The Kansas baseball team is good enough to compete in the NCAA Tournament.

Let’s make sure we start with that and make it abundantly clear. Making the Big 12 tourney semifinals (for the first time since 2013) after winning 17 conference games this season is enough to back that up.

Playing No. 24 Texas and No. 8 Oklahoma to within two runs or less not once, not twice, not three or four times, but FIVE times in the past 9 days is even clearer proof that they can hang with anybody.

But they probably will not get in for one simple reason. They didn’t win any of those five games. How different things might be if they had. Maybe not all five. But two or three probably would’ve been enough.

We'll find out for sure when the field is announced at 11 a.m. central time today.

• Monday afternoon update: The Jayhawks, who finished 7th in the Big 12 regular season standings, did not get in to this year's NCAA Tournament. Six teams from the Big 12 will open play at regionals this week. • 

While I’m sure the Jayhawks are painfully aware of how much they could've used a couple of those wins — and, boy, were they damn close in a few of them — it sure seems possible, perhaps even likely, that this is the last year for a while that anybody will need to look for reasons they Jayhawks were left out.

What second-year coach Dan Fitzgerald is building — and in many ways already has built — is a team and a program to be reckoned with in the years to come.

They compete. They grind. They win. And they always seem to be able to stay positive and ready for what’s next instead of dwelling on something that didn’t go right.

It’s baseball. Things are gonna go wrong. Lots of things. Bad hops, blown saves, lousy calls and unlucky breaks happen to every team every single year. That’s just the nature of the sport.

And it takes a special mindset, which this KU program seems to collectively have, to keep smiling when any or all of those things stack up against you. Especially the ones that come at the worst time.

This isn’t some pie-in-the-sky BS approach that shields players from reality. This is the culture at Kansas. Forward-thinking at all times is their culture. Believing they’ll get it done & working their asses off to try to make that happen is what they do.

It’s been cool to watch and fun to cover and it’s reason enough to believe that they’re just getting started.

A lot of these guys won’t be back next season. A lot of them will. But all of them, along with the players who are on the way and will suit up for the Jayhawks in future years, should understand that the cornerstones of the program that they helped create these past two seasons will be remembered and celebrated well into the future.

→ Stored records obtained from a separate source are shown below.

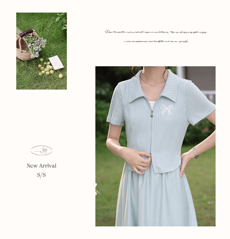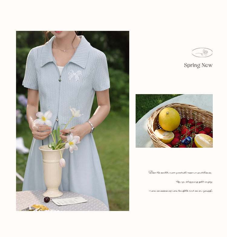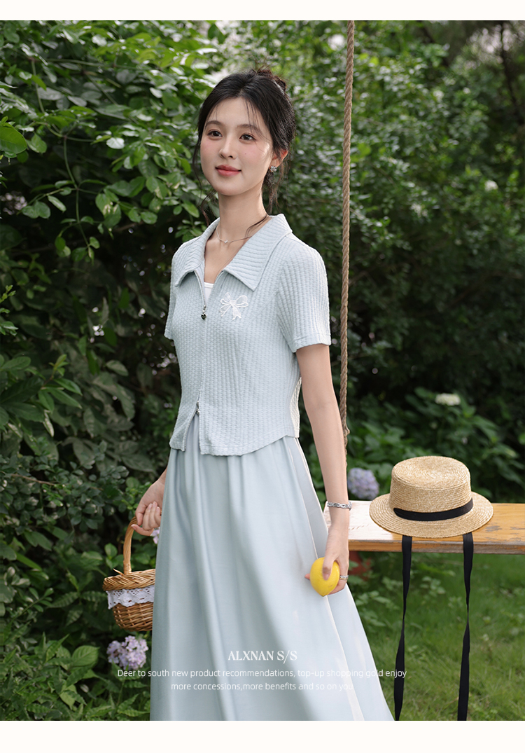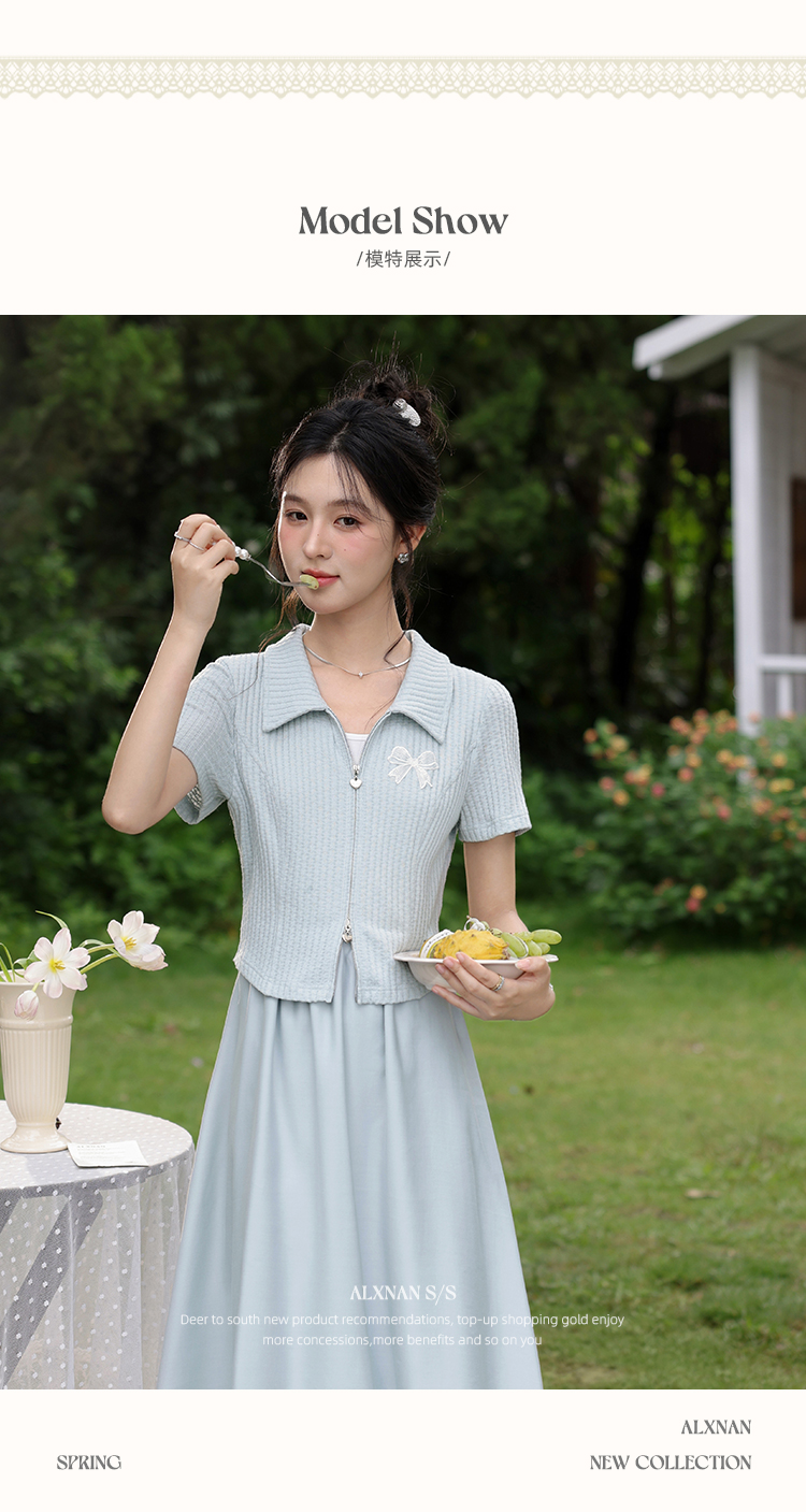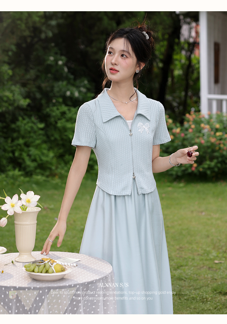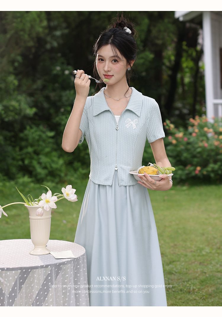 鹿向南「慵懒假日」蓝色假两件短袖连衣裙夏季新款气质时尚长裙女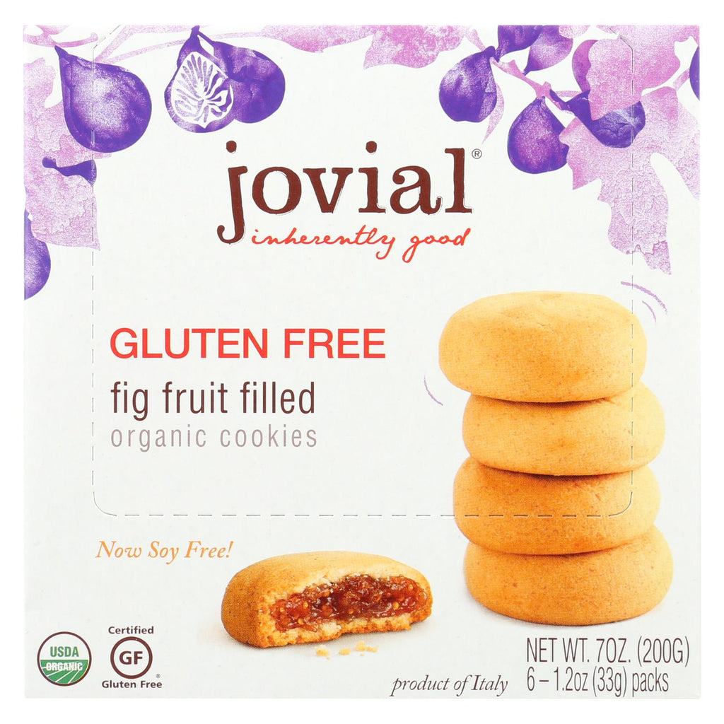 Jovial fig fruit filled cookies are baked in small batches by artisan bakers. Our certified gluten-free cookies are soft on the outside with a chewy fig filling. Our cookies are certified usda organic and made with responsibly-sourced palm oil. Each 7 oz. Box of cookies contains six packs of two cookies.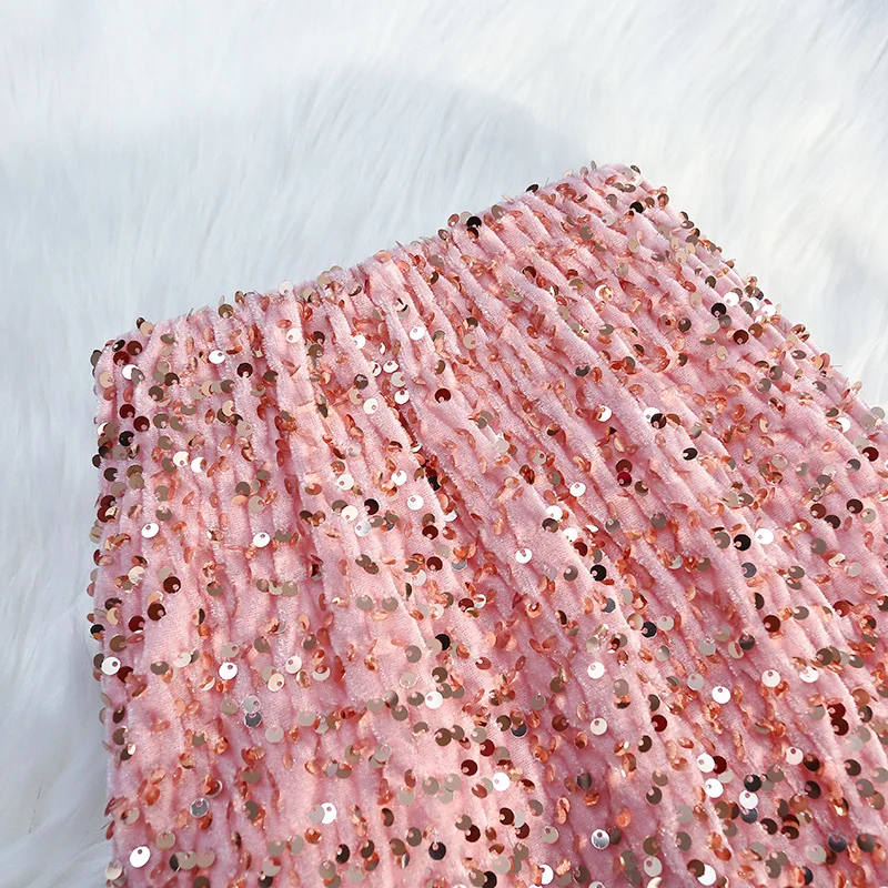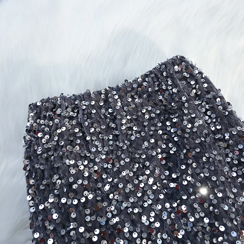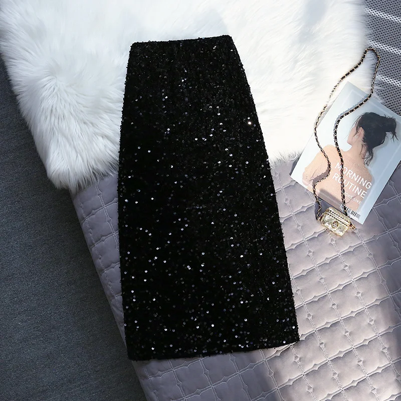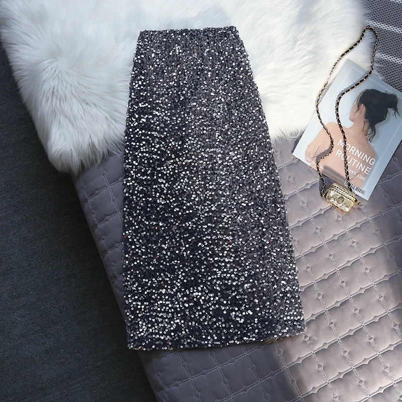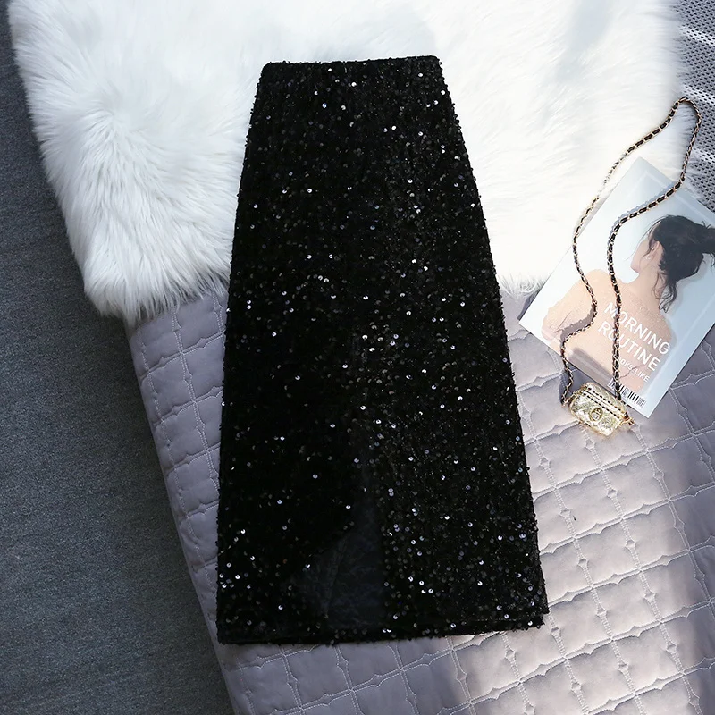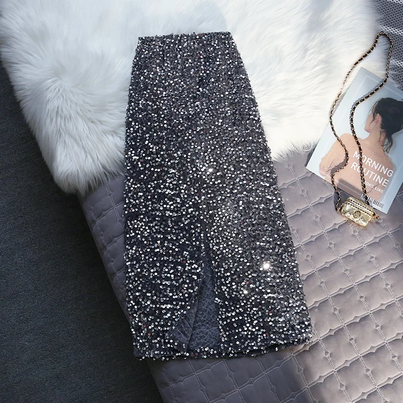 Korean Style Fashion Sequin Design Long Skirts For Women All Season Ladies Casual Streetwear All Match Sexy Split Midi Skirt

When Kansas baseball is making NCAA regionals on the regular in the years to come, the players from the 2023 and 2024 rosters who helped get the momentum going in the Jayhawks’ favor will be a part of that. And they'll deserve the chance to take a bow.

Just ask the senior members of Lance Leipold’s first KU football team how they felt when the Jayhawks finally broke through and won the Guaranteed Rate Bowl after going 9-4 last season.

Might as well have given them rings. But the smiles and joy of knowing they were a part of it — the start of it — were probably worth just as much.

That’s coming for Kansas baseball. No doubt about it. And no matter what happens today.